*What is expected*
Each entry below is to be restated word for word, with no pictures carried over.

Stored records
═══

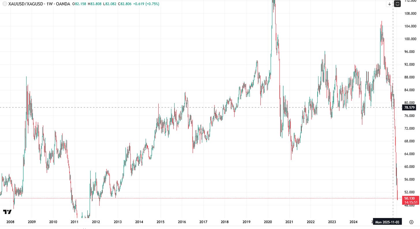 The math supports this if you understand what’s happening. If gold repeats the eight-fold moves it made twice before (1976-1980, 2001-2011) and hits $8,000, then silver at historical gold-silver ratios lands you at $248 (3.1% ratio from 2011) or $520 (6.5% ratio from 1980). Oliver’s range sits right in the middle. But even without hitting those historical ratios, silver compressed in a $4-$50 range for half a century creates a LOT of accumulated energy. Artificial suppression through paper markets, ETF creation without full backing, naked shorting by bullion banks who thought they could control price discovery forever. When these barriers break after that kind of compression, Oliver says you get “panic on the upside” - a repricing event where price just goes vertical because there’s no metal available at the current price.
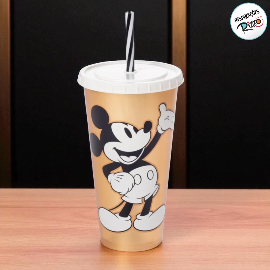 Copo com tampa, canudo, estampa licenciada e inspirada no personagem Mickey Mouse Disney.
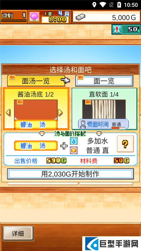 5、有客人店面的时候就需要你选择汤和面制作出客人需要的面,选好之后点击“制作”。
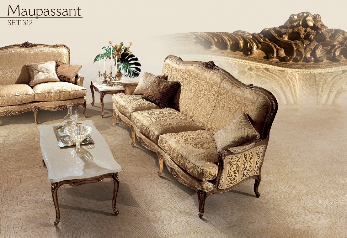 Maupassant three seater sofa from Italian manufacturer Angelo Cappellini. Model with a high back. The frame and legs are made of wood and decorated with carved handmade decor. The varnish finish offered. Upholstery textile to choose from a range of companies. The armrests are complemented with soft pads. Decor - hand carved.
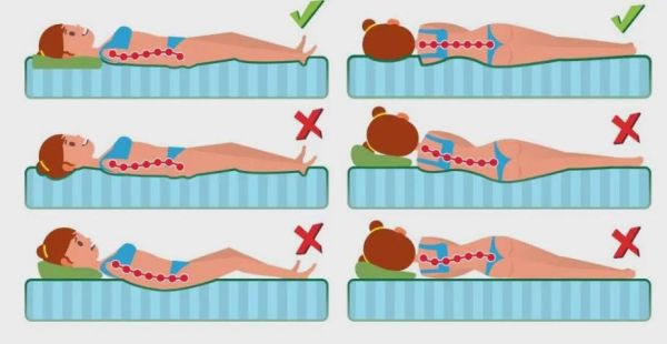 床垫过于柔软,平躺时就会导致床面凹陷,不能为腰部提供适当的支撑;床垫过于坚硬,又会过度支撑起肩部和髋部,同样不利于释放腰椎压力。

═══

*Output of the task*
 The math supports this if you understand what’s happening. If gold repeats the eight-fold moves it made twice before (1976-1980, 2001-2011) and hits $8,000, then silver at historical gold-silver ratios lands you at $248 (3.1% ratio from 2011) or $520 (6.5% ratio from 1980). Oliver’s range sits right in the middle. But even without hitting those historical ratios, silver compressed in a $4-$50 range for half a century creates a LOT of accumulated energy. Artificial suppression through paper markets, ETF creation without full backing, naked shorting by bullion banks who thought they could control price discovery forever. When these barriers break after that kind of compression, Oliver says you get “panic on the upside” - a repricing event where price just goes vertical because there’s no metal available at the current price.
 Copo com tampa, canudo, estampa licenciada e inspirada no personagem Mickey Mouse Disney.
 5、有客人店面的时候就需要你选择汤和面制作出客人需要的面,选好之后点击“制作”。
 Maupassant three seater sofa from Italian manufacturer Angelo Cappellini. Model with a high back. The frame and legs are made of wood and decorated with carved handmade decor. The varnish finish offered. Upholstery textile to choose from a range of companies. The armrests are complemented with soft pads. Decor - hand carved.
 床垫过于柔软,平躺时就会导致床面凹陷,不能为腰部提供适当的支撑;床垫过于坚硬,又会过度支撑起肩部和髋部,同样不利于释放腰椎压力。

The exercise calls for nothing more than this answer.